Posts Tagged ‘ privacy ’
iLife, Lemurs, and Me
Monday, February 2nd, 2009
I am not a Lemur. I’m sure you can tell that from my picture (and I bet someone like BC finds a lemur picture for this blog within moments): A recent tour of the new iLife ‘09 with Apple reinforced this easy bit of species-identification in just a few moments – but I’m not entirely sure that the conclusion to my investigations is entirely flattering.
But first – those Lemurs. Apparently, Lemurs don’t recognise Leopards. Instead, they simply maintain a count of the number of nearby Lemurs. If this should decrement by 1, they run up a tree. So much easier than bothering to look for spots in the undergrowth, and big sharp teeth…
How does this relate to iLife? Easy.

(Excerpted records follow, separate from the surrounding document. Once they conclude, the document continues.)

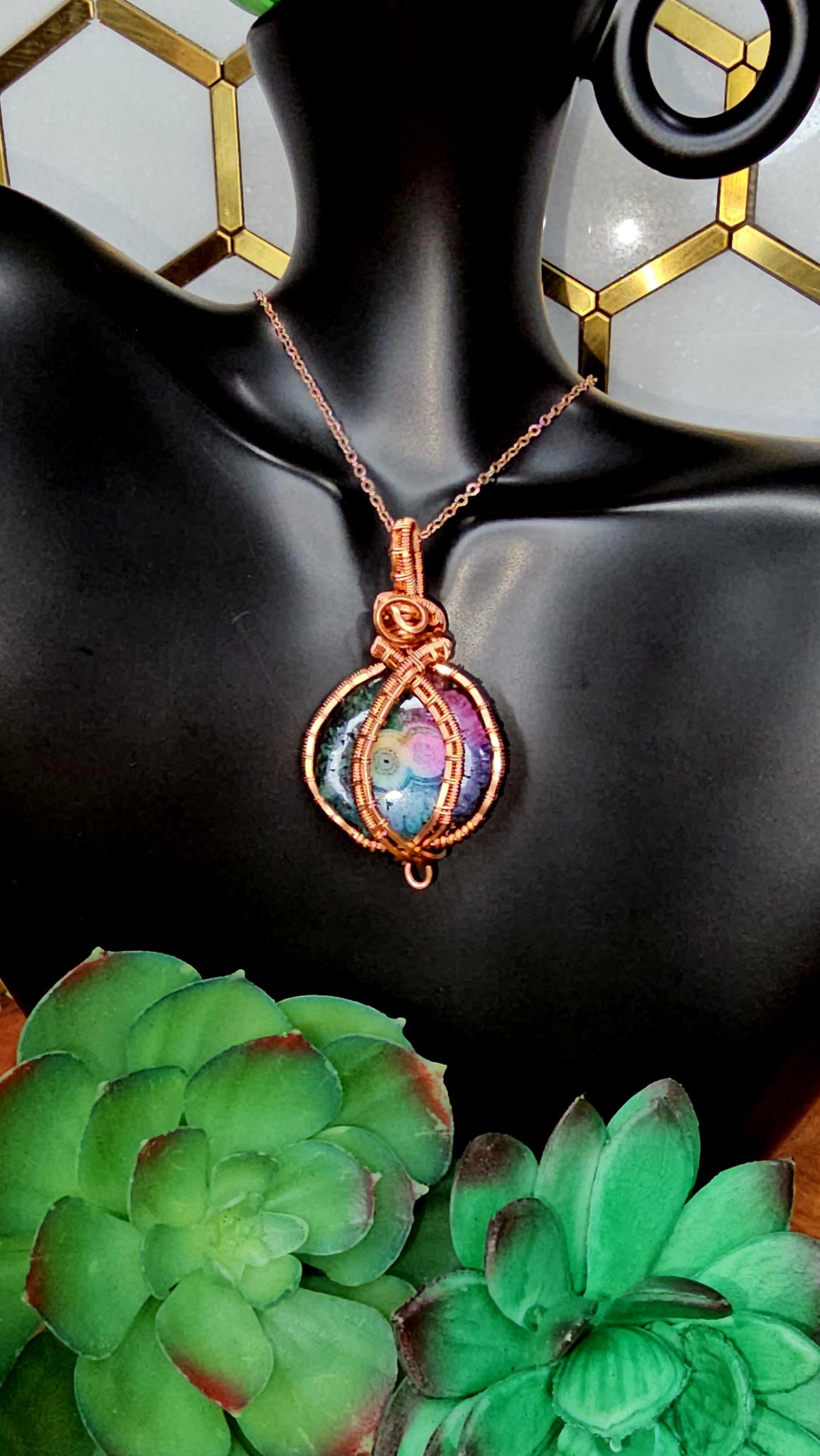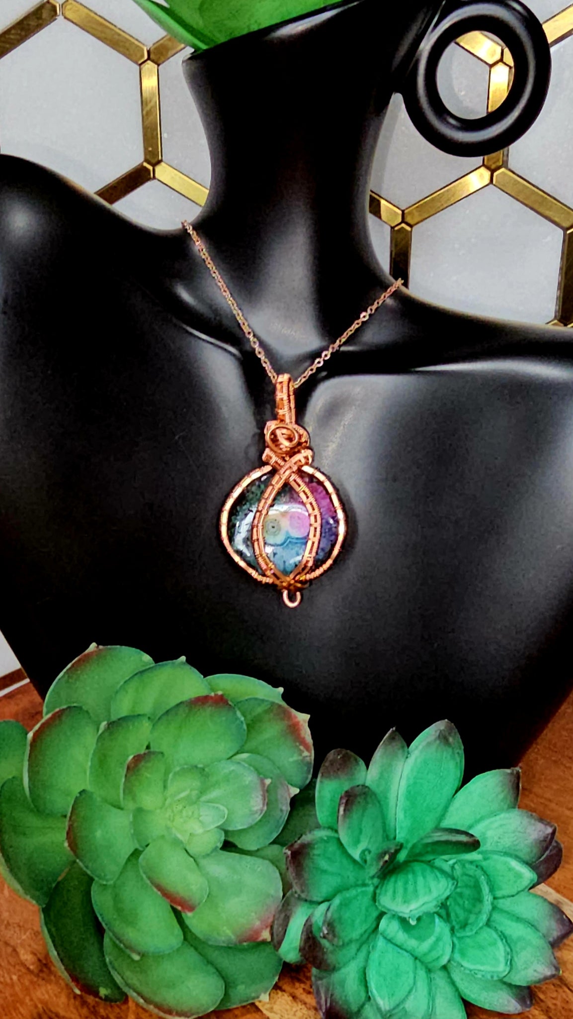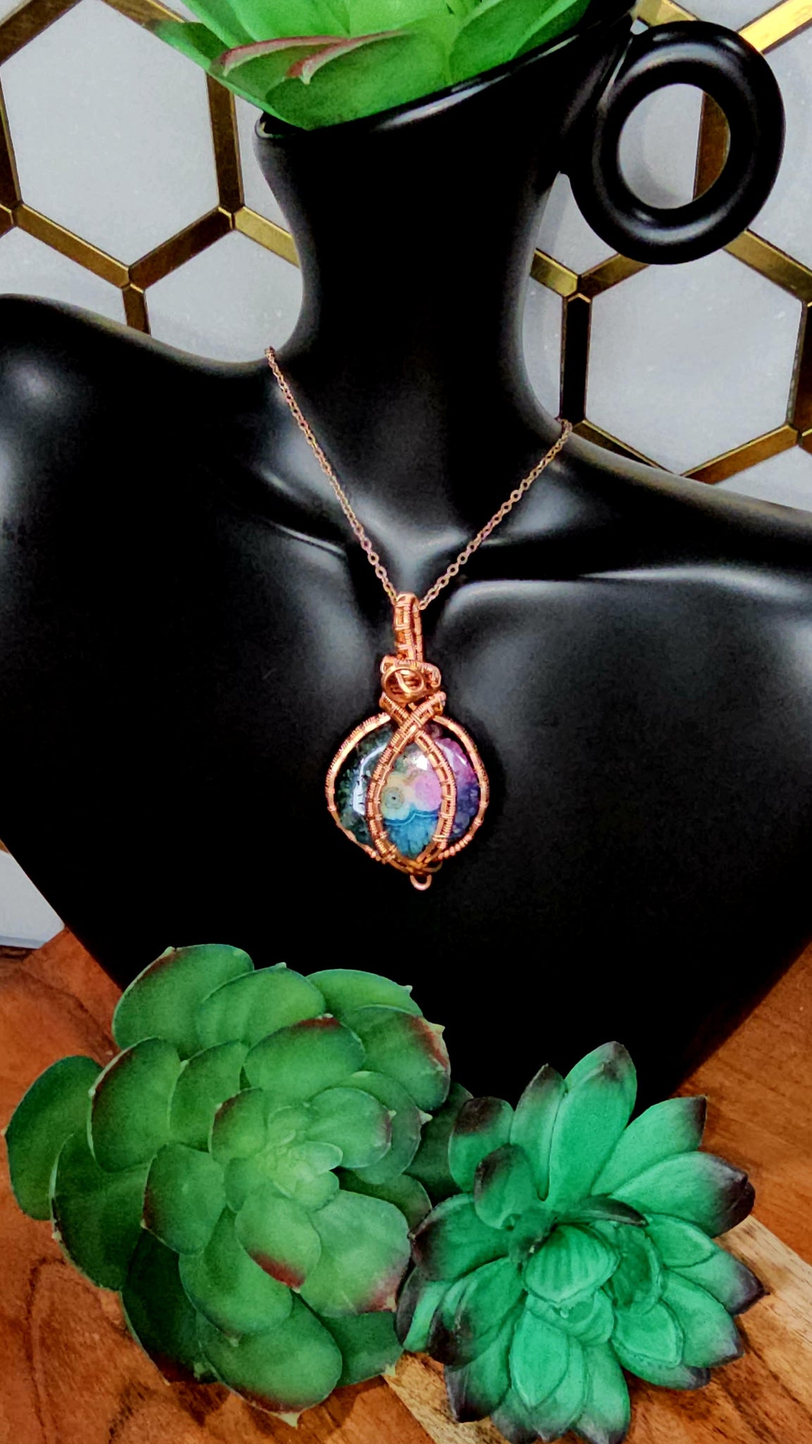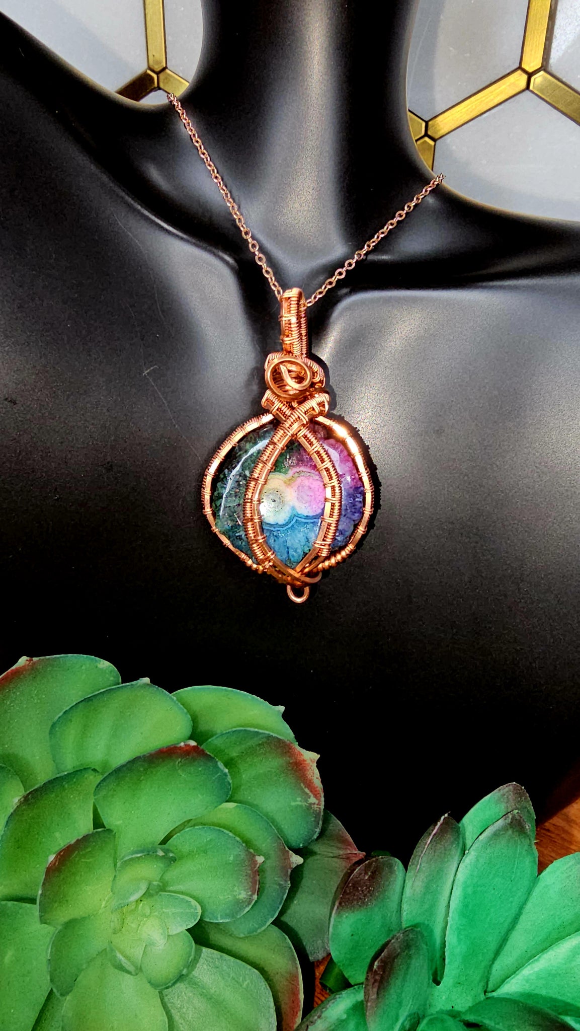 Solar quartz pendant wrapped in copper wire comes with a black cord necklace.
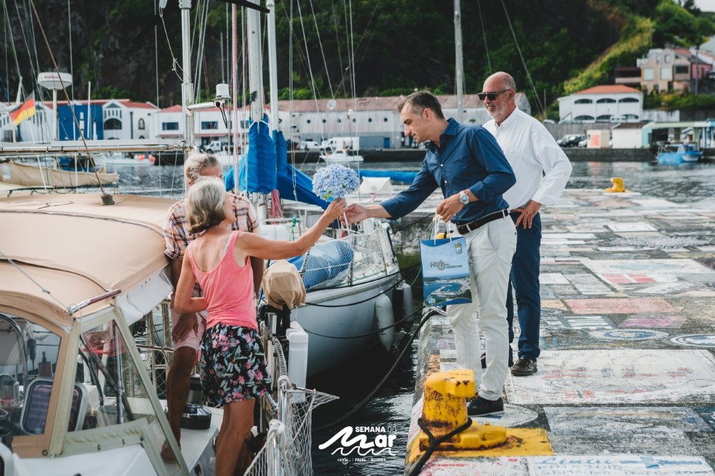 O presidente da Câmara Municipal da Horta, Carlos Ferreira, acompanhado pelo executivo e por representantes da Comissão Náutica Municipal, deu esta sexta-feira, as boas-vindas aos iatistas que visitam a cidade da Horta, com a entrega de hortênsias, iguarias locais e o programa da festa.
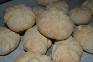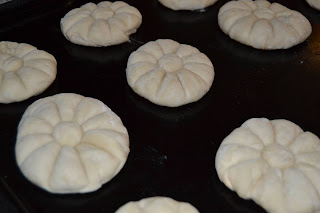 Per dare la forma alle mie rosette ho utilizzato il taglia mela, quell’attrezzo che serve a separare gli spicchi e il torsolo: non si deve premere fino in fondo, ma abbastanza da lasciare una netta incisione alle palline d’impasto per creare le nostre rosette.
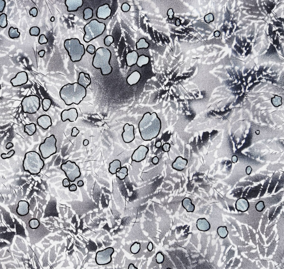 Fond gris argenté mêlé de feuillages clairs et de taches bleu pâle bordées de noir, formant un motif végétal irrégulier et contrasté.
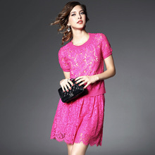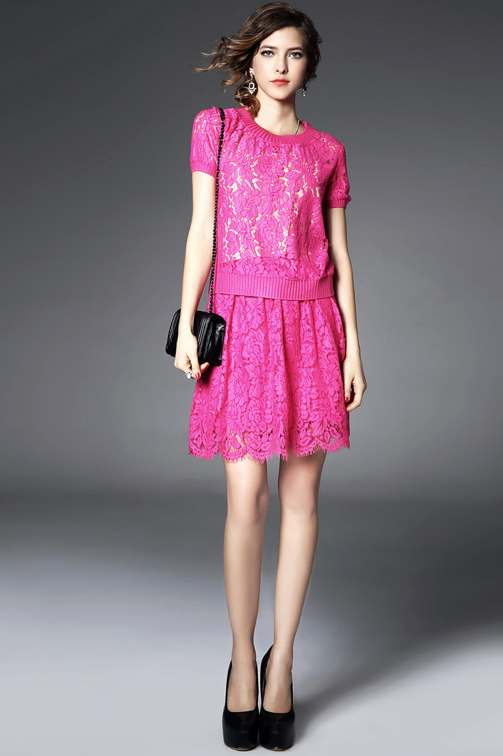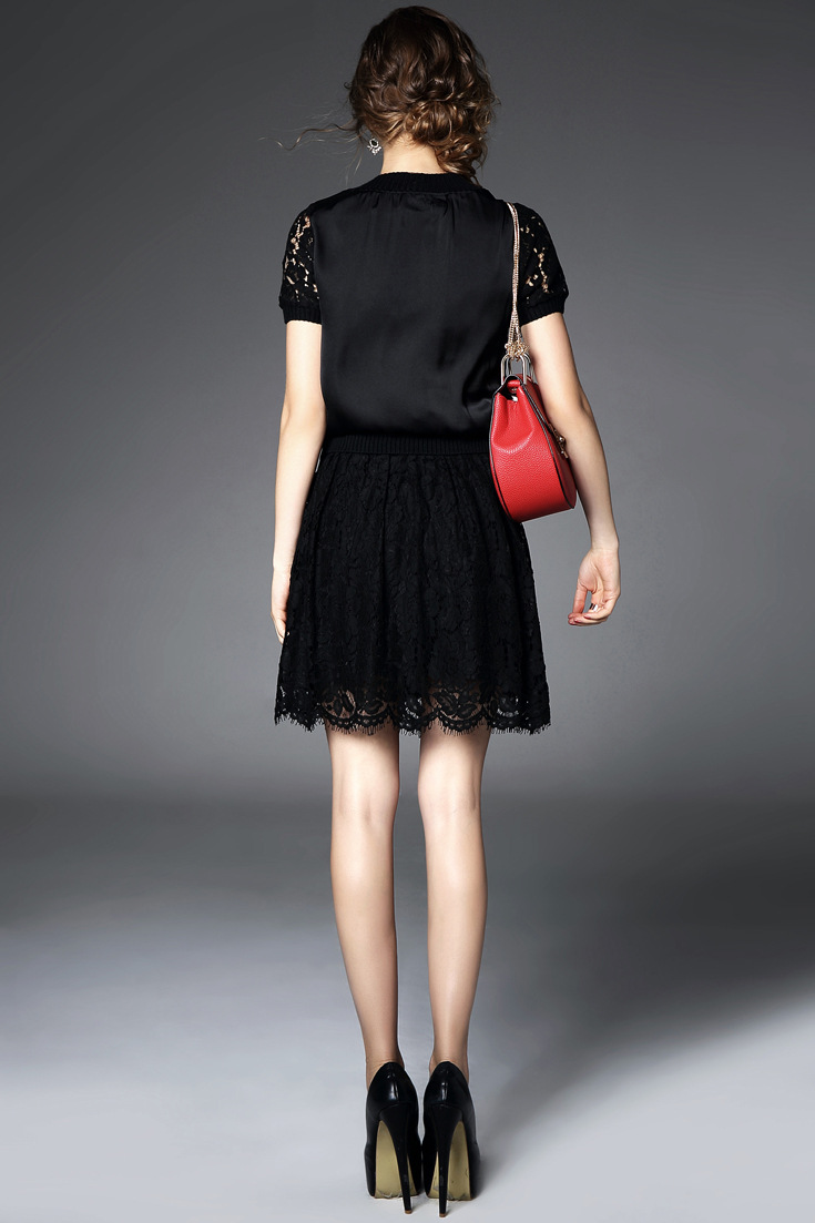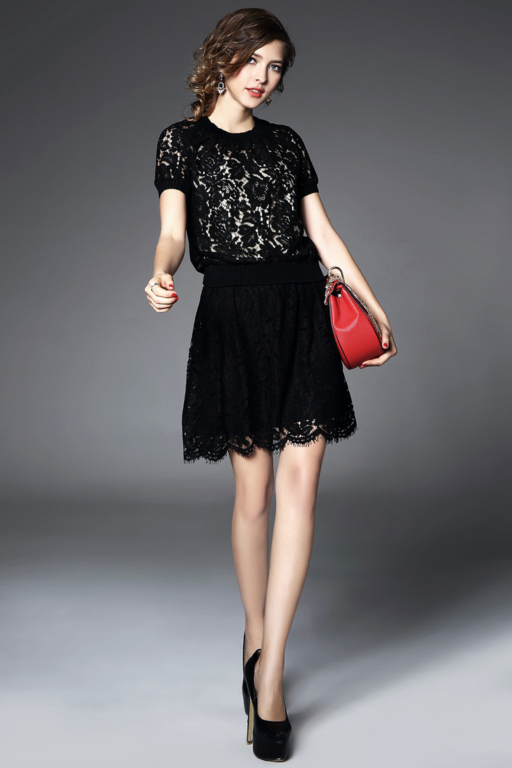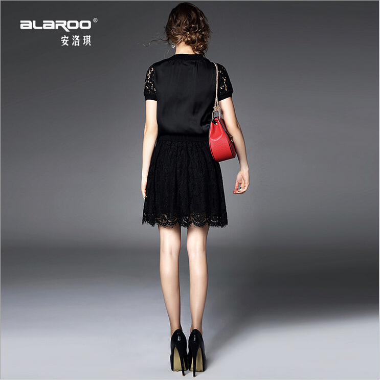 > 2015夏季新款 圆领弹力螺纹蕾丝拼接上衣+纯色半裙套装

Faces. iPhoto ‘09 Does Things With Faces, in photographs, automatically matching up your photo library so you can view all the pictures linked by having one person’s face somewhere in them. If you can’t work out who someone is, then you can throw the photo up to Facebook and wait for someone to tag it. If the tagged face you don’t know is in more than one picture, then you get another person tile in your by-people view.
This feature was shown to a room full of writers and analysts, and it went down like a lead balloon. Apple were a trifle crestfallen; and I think I know why. I strongly suspect that writers, as a tribe, do not have lots of those “family pictures” scattered around their phones, cameras, laptops et cetera. If I had just grabbed a copy of iPhoto ‘09 and gone home with it I would very likely not have found this smart feature in a million years – because the fewer people there are in a photo, the more I like it. All those family shots, I just don’t understand – I think of them as “here’s the same troop of Lemurs, with a tiny rim of the Arc de Triomphe in the background”, and all those gurning faces just don’t connect for me.
From the reactions of the journalists in the room, I suspect I’m not alone in that clearly dysfunctional reaction. Apple fortunately provided a pre-loaded library of happy models, smiling for the camera in front of a wide selection of the world’s landmarks, so you can see for yourself the rather bizarre Godley & Creme pop-video effect of scrolling through all your pix of a particular person, with their eyes and mouth locked in position in the middle of each snap.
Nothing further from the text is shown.